With multiple smaller groceries offering subscription services, consumers are effectively paying for overheads in each of the individual businesses to a point where the cost of the individual subscriptions can rival the cost of purchasing the items individually from supermarkets. The same is true for streaming television, where in order to watch some of the most popular shows (Game of Thrones, Stranger Things, The Walking Dead), it’s becoming necessary to manage multiple subscriptions like Netflix, HBO and Hulu, adding up to a cost that can be compared to traditional pay TV.

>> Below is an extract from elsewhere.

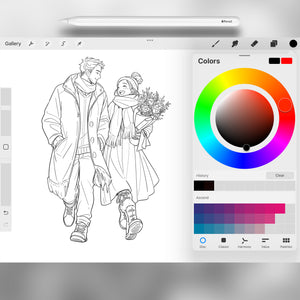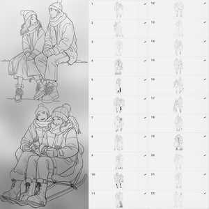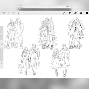 This romantic stamp set is made for artists who want to draw couples in winter attire, design love scenes, sketch seasonal illustrations, or add heartwarming characters to their art.

The trend is a natural evolution as we tear down inefficient legacy infrastructure like supply chains and manual exchanges, and replace them with digital versions. But every new solution creates a new problem. This problem didn’t emerge until enough people were purchasing these kinds of businesses. The subscription model has become the go to, but as we all fatigue of that long list of monthly outgoings – it pays to bring our focus back to the mental model of the customer. Sounds like a total ‘duh’ statement, but I think the promise of that shiny new subscription model is clouding the minds of many.
Unless you are a big player like Google or Apple, who have the potential to up their game and offer month-on-month value across verticals, then here are some of our hot tips for checking yourself and not falling into this shiny, new trap:
1. Identify your customers’ mental models around paying for the kind of value you create. Is it a flat rate? Is it something that should be discounted when bought in bulk? Is it a program that gets cheaper over time with more use? Or is it a one-off fee?
2. Identify your customers’ consumption behaviours. Do they consume once a year? Like Airbnb? Do they consume sporadically and unpredictably, sometimes once a week, sometimes several in an evening, like Uber? Do they want unlimited access, like Netflix?
3. Identify trends in consumption behaviours. Is there a likelihood that a firehose-style, unlimited access tier is going to become valuable at some point? Imagine a subscription model to Airbnb so you can fly anywhere and stay anywhere – unlocked if a customer spends 150 days a year in Airbnb accommodation. Or, a flat-rate for Uber users who have travelled at least twice every business day for a percentage of days in a given year.
4. Most crucially, make sure you can create a good deal for users, or at least the opportunity for users to make a good deal. Buying a movie on iTunes might cost $20, but subscribing to Netflix allows a user to watch hundreds of movies for the same cost (per month). Customers might not watch anything at all, but by being able to turn that into a good deal, the control is in the their hands.
Alternately, there might be an opportunity to become an over-the-top platform to manage all of these sprawling subscriptions, which could become the ticket that single-market players like Spotify or Dollar Shave Club need to compete.